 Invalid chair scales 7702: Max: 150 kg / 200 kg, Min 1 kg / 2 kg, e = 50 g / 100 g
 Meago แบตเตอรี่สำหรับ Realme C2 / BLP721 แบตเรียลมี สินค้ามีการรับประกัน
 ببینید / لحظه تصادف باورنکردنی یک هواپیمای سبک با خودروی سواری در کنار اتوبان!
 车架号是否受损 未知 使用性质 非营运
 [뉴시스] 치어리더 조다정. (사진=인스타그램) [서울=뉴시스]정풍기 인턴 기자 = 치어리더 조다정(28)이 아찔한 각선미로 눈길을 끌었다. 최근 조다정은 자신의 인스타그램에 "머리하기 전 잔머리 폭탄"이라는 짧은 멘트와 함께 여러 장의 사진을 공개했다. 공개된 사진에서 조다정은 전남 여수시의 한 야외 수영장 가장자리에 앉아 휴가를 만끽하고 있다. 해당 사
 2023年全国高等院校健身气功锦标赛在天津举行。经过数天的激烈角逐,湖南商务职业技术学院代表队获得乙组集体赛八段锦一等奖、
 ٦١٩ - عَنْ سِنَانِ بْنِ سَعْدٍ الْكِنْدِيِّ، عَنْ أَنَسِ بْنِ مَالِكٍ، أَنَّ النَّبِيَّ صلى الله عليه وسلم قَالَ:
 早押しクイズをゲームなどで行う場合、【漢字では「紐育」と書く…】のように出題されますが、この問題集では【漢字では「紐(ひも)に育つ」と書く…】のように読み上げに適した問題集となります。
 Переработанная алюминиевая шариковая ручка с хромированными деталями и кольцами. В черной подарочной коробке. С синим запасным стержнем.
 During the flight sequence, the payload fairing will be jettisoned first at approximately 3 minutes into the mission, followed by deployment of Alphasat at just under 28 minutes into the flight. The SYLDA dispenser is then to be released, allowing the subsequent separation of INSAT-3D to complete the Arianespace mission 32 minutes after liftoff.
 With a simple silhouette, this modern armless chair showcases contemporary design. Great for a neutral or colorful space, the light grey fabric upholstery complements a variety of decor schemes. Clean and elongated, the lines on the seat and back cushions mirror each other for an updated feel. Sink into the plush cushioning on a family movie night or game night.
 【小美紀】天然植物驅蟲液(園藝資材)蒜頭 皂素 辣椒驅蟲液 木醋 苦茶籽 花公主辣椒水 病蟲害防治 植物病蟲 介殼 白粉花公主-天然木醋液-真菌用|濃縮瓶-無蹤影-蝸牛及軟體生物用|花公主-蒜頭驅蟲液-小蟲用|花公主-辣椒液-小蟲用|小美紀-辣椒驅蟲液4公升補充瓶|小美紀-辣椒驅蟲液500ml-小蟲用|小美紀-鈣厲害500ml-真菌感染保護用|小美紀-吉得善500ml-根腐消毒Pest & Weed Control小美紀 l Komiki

▶ [WHAT YOU ARE ASKED TO DO]:
Both the line containing "Meago แบตเตอรี่สำหรับ Realme" and the line containing "车架号是否受损 未知 使用性质 非营运" belong in the answer. Print them and every line above that falls between them exactly, and no others.

▶ [TASK OUTPUT]:
 Meago แบตเตอรี่สำหรับ Realme C2 / BLP721 แบตเรียลมี สินค้ามีการรับประกัน
 ببینید / لحظه تصادف باورنکردنی یک هواپیمای سبک با خودروی سواری در کنار اتوبان!
 车架号是否受损 未知 使用性质 非营运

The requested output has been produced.